I am British. That’s what I am. I am still a passport holder of that country, but I don’t pay taxes there. I pay taxes to my new country, but refuse to change my citizenship. Believe me, it’s a bitch getting over the border to the States, too, so I know it causes me a level of discomfort to be this person.

But, I wouldn’t hit the British Consulate if something violent happened to the city where I live, because my partner for life is Canadian, and she is the reason I am here in the first place.

If it doesn’t really matter where you were born because you are welcome elsewhere for your skills; if it doesn’t matter what passport you hold because you can change it like an outfit for a special occasion, and it doesn’t matter where you work, becasue you know you will never be a part of that country, what is the use of a nationality at all?

The wired world means that you can run your life from anywhere with a lap-top and a cell phone. Your language skills can be brushed up to appear in any country you wish, with whatever language you want.

If none of it really matters, and you are part of a community purely due to your great-grandparent’s heritage and a certain striking flag, it shouldn’t really matter who your neighbour is, or which God they pray to.

What matters?
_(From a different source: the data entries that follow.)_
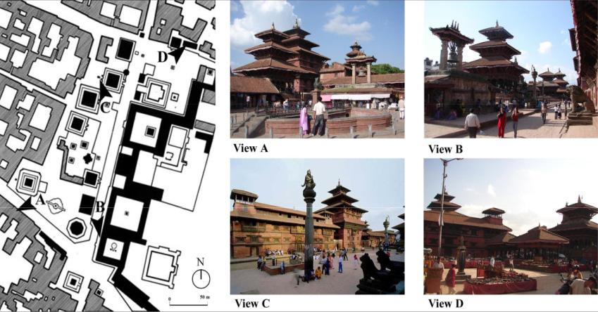 The planning of the durbar square is formal and geo metric (Tiwari, 1988). However, the spaces within the square are irregular in shape which is in strong contrast with the built structures which are strictly regular with symmetry in both plan and elevation (Chitrakar, 2006).
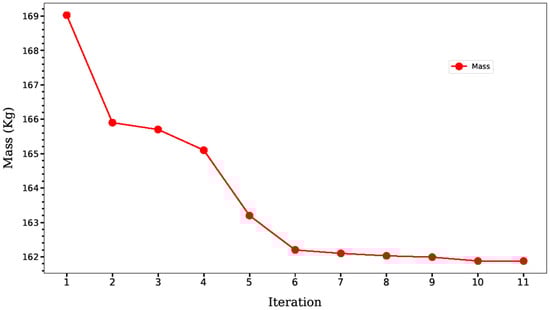 The mass of the blade is continuously measured and recorded throughout the optimization process. The findings are shown in Figure 10, which indicates that with each optimization step, the mass of the blade reduces. After the sixth iteration, the rate of decline slows down, indicating that future tweaks would not result in substantial mass reductions. The mass of the blade also decreased by 4.22 percent as a consequence of the optimization process, which has the potential to significantly increase the turbine’s performance and efficiency.
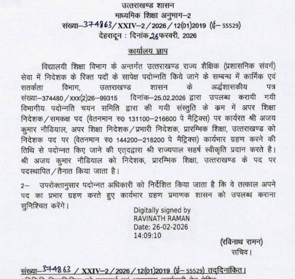 देहरादून। शासन ने विद्यालयी शिक्षा विभाग में अपर शिक्षा निदेशक/प्रभारी निदेशक प्रारंभिक शिक्षा अजय नौडियाल को निदेशक पद पर प्रोन्नत करने के साथ ही 5 संयुक्त निदेशकों मेहरबान सिंह रावत, बृजमोहन सिंह रावत, पदमेन्द्र सकलानी और परमेन्द्र कुमार को अपर निदेशक के पद पर पदोन्नति दी है।

I remember watching January 1st, 2000 unfurl across the Globe from my seat on the Pacific coast – the penultimate place on earth that it did. From simple ceremony in some countries to a complete waste of cash in our hemisphere, I saw everyone in the World celebrate one day in a manner that we will never see again. This is what we should be celebrating annually: A day for all of us despite where we were born, where we are, what we do, or how we speak.

In my global travels, the one common denominator that tied everyone together no matter which country they were in was the need to keep a roof over their head and food on the table. Isn’t our nationhood one of being human?